Uniocular anterior chamber inoculation of a tumor necrosis factor alpha-expressing recombinant of herpes simplex virus type 1 results in more rapid destruction and increased viral replication in the retina of the uninoculated eye.

Tumor necrosis factor alpha (TNF-alpha) has been shown to have a protective role in the eyes and brains of herpes simplex virus type 1 (HSV-1)-infected mice. To determine whether overexpression of TNF-alpha affected the course of virus infection following uniocular anterior chamber inoculation, a recombinant of HSV-1 that produces TNF-alpha constitutively (KOSTNF) was constructed. BALB/c mice were injected with the TNF-alpha recombinant, a recombinant containing the pCI plasmid, a recombinant rescue virus, or the parental virus. Flow cytometry and immunohistochemistry were used to identify virus-infected cells and to determine the numbers and types of infiltrating inflammatory cells in the uninjected eyes. Virus titers were determined by plaque assay. There were no differences among the groups in virus titers or the route and timing of virus spread in the injected eyes or in the suprachiasmatic nuclei.
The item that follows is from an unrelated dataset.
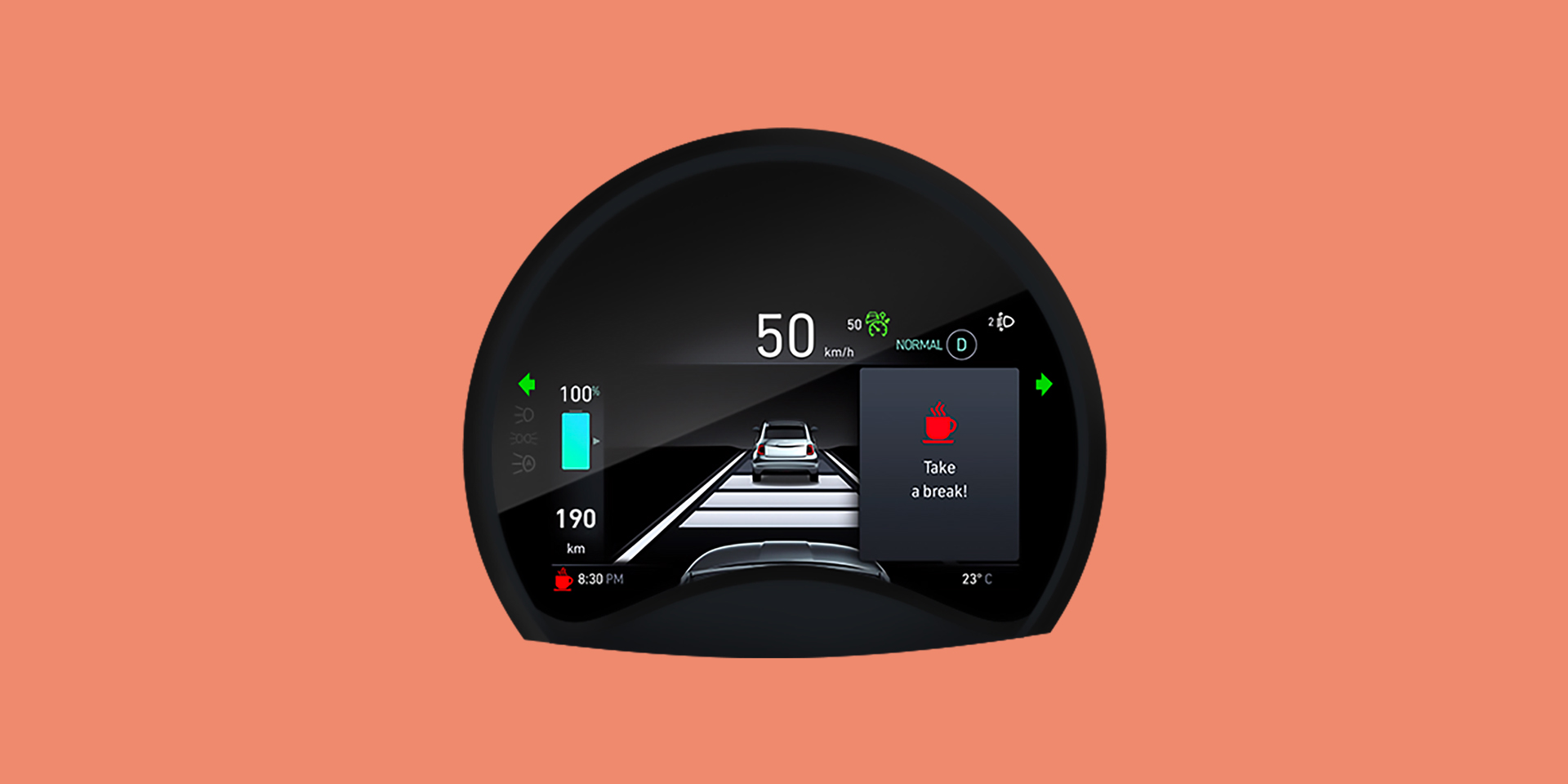 500e can brake automatically to avoid or mitigate collision with a vehicle in front, a pedestrian or a cyclist, at up to 80 mph (where legally permitted). Initially the car alerts the driver with an acoustic and visual warning in the instrument cluster. If the driver does not respond, the car brakes helping to avoid or mitigate potential impact.

However, in the uninjected eyes of KOSTNF-infected mice, TNF-alpha expression was increased and there were more viral antigen-positive cells and immune inflammatory cells. There was earlier microscopic evidence of retinal infection and destruction in these mice, and the titers of virus in the uninjected eyes were significantly increased in KOSTNF-infected mice on day 7 postinfection compared with those of KOSpCI-, KOS6beta rescue-, or KOS6beta-infected mice. The results suggest that instead of moderating infection and reducing virus spread, overexpression of TNF-alpha has deleterious effects due to increased inflammation and virus infection that result in earlier destruction of the retina of the uninoculated eye.